The sale to MyTown Media, doing business as Murfin Media, was approved by the FCC on March 29, 2023, and was consummated on May 12.

===Relaunch as ‘My Country’===
On June 29, 2023, KVWF flipped back to country, this time branded as "My Country 100.5." The station became MyTown's seventh such station in Kansas, all of which feature a mix of current, classic and Red dirt country. With the flip, KVWF becomes the sixth country station targeting Wichita, joining competitors KFDI, KZSN, KFTI, KWLS and KGHF. By April of the following year, the station dropped all red dirt artists, focusing exclusively on the country artists.
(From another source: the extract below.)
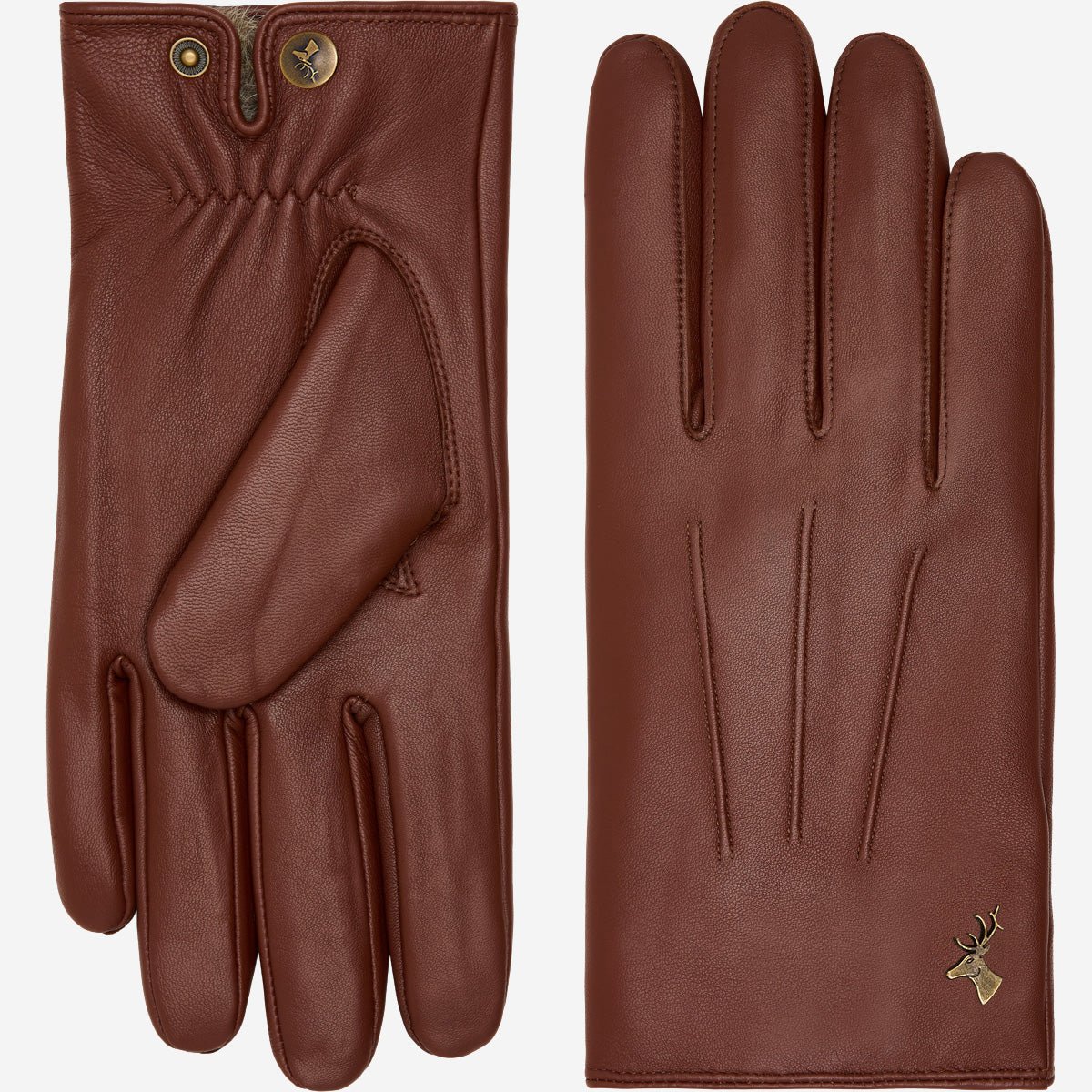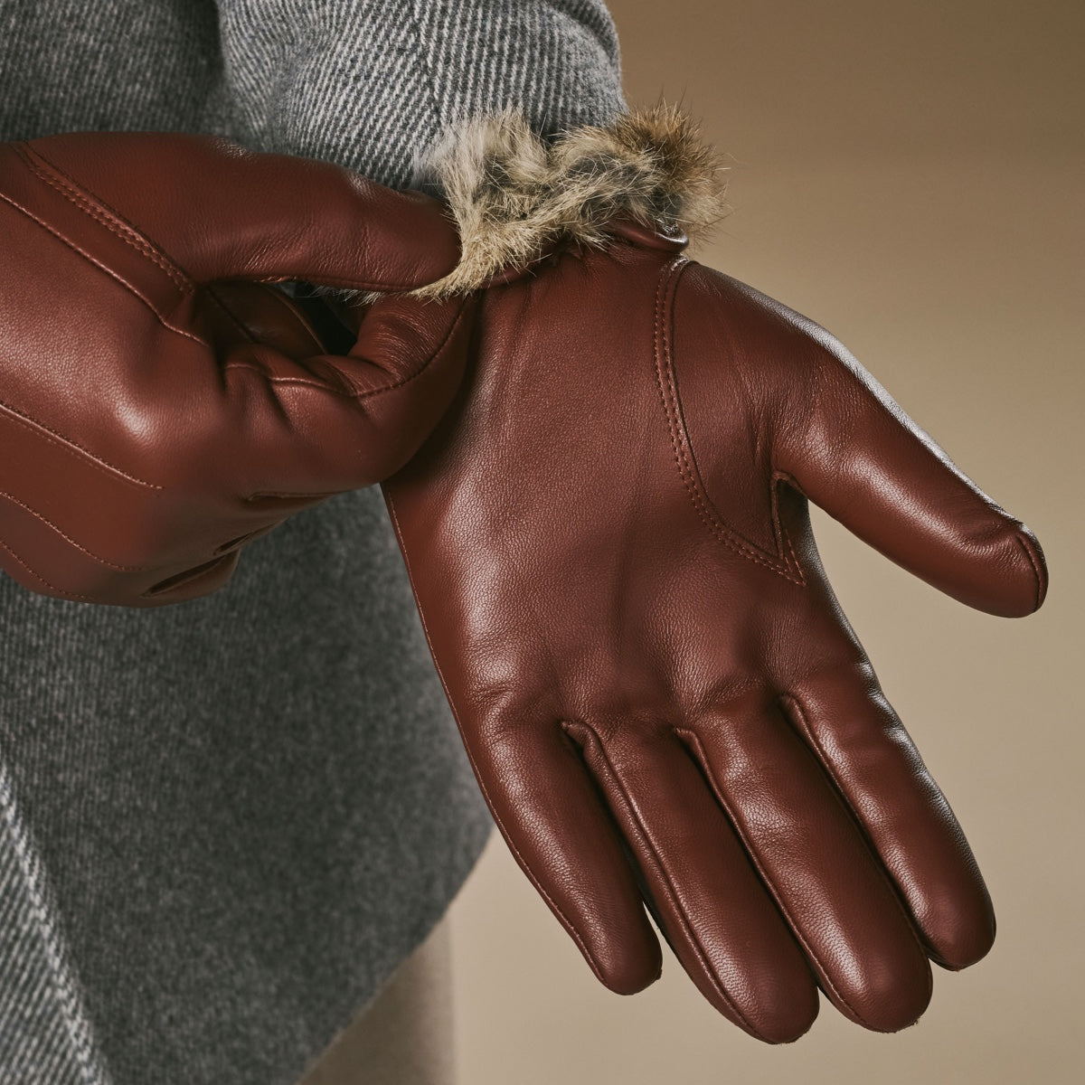 Alexander (bruin) – Herenhandschoenen van lamsleer met konijnenbont voering en touchscreen-functie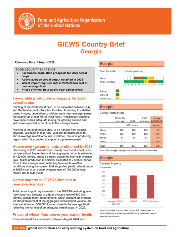 Country: Georgia Source: Food and Agriculture Organization of the United Nations Please refer to the attached file. FOOD SECURITY SNAPSHOT Favourable production prospects for 2026 cereal crops Above-average cereal output obtained in 2025 Wheat import requirements in 2025/26 forecast at near-average level Prices of wheat flour above year-earlier levels Favourable production prospects for 2026 cereal crops Planting of the 2026 wheat crop, to be harvested between July and September, took place last October. According to satellite-based images, vegetation conditions were near-average across the country as of mid-March (VCI map). Precipitation amounts have been overall adequate during the growing season and yields are expected to be close to the average levels. Planting of the 2026 maize crop, to be harvest from August onwards, will begin in mid-April. Weather forecasts point to above-average rainfall amounts in Kakheti, the most producing region, which is expected to support crop development. Above-average cereal output obtained in 2025 Harvesting of 2025 cereal crops, mainly maize and wheat, was completed last September and the aggregate output is estimated at 420 000 tonnes, about 5 percent above the five-year average level. Maize production is officially estimated at 210 000 tonnes, close to the average level, reflecting favourable weather conditions during the season that supported yields. Wheat output in 2025 is set at an above-average level of 150 000 tonnes, mainly due to high yields. Cereal imports in 2025/26 forecast at near ‐ average level Total cereal import requirements in the 2025/26 marketing year (July/June) are forecast at a near-average level of 600 000 tonnes. Wheat import requirements, which account on average for about 90 percent of the aggregate cereal import volume, are forecast at around 550 000 tonnes, close to the average level, reflecting the harvest of an adequate cereal output in 2025. Prices of wheat flour above year-earlier levels Prices of wheat flour increased between August 2024 and June 2025, then remained largely stable until February 2026 and were 8 percent higher year-on-year, as of February 2026. The increase reflects limited domestic availability and above-average inputs costs, despite ongoing Valued Addede Tax (VAT) exemptions intended to stabilize prices. According to the National Statistics Office of Georgia (GeoStat), annual inflation increased from 1. 1 percent in 2024 to 3. 9 percent in 2025 and further to 4. 3 percent in 2026 as of March, mainly driven by rising food prices and overall consumer price growth.

===Relaunch as ‘The Twister’===
On May 1, 2024, KVWF began promoting "something new" to come the following day at noon. At 11 a.m. the following day, after playing “Texas Tornado” by Tracy Lawrence, KVWF began stunting with nature-themed songs. One hour later, KVWF relaunched with a gold-heavy country format, with a balance of more modern and more classic country artists, similar in nature to Cumulus Media's Nash Icon network, as “100.5 The Twister.” The first song on “The Twister” was “The Thunder Rolls” by Garth Brooks. With the flip, the station added a duo of notable Wichita country DJs, adding Dan Holiday, formerly of KZSN, as programming director and morning host, and Carol Hughes, formerly of KFDI, for middays. The station also added Becca Walls, a syndicated host most notably from the syndicated Broadway and Friends show, for afternoons.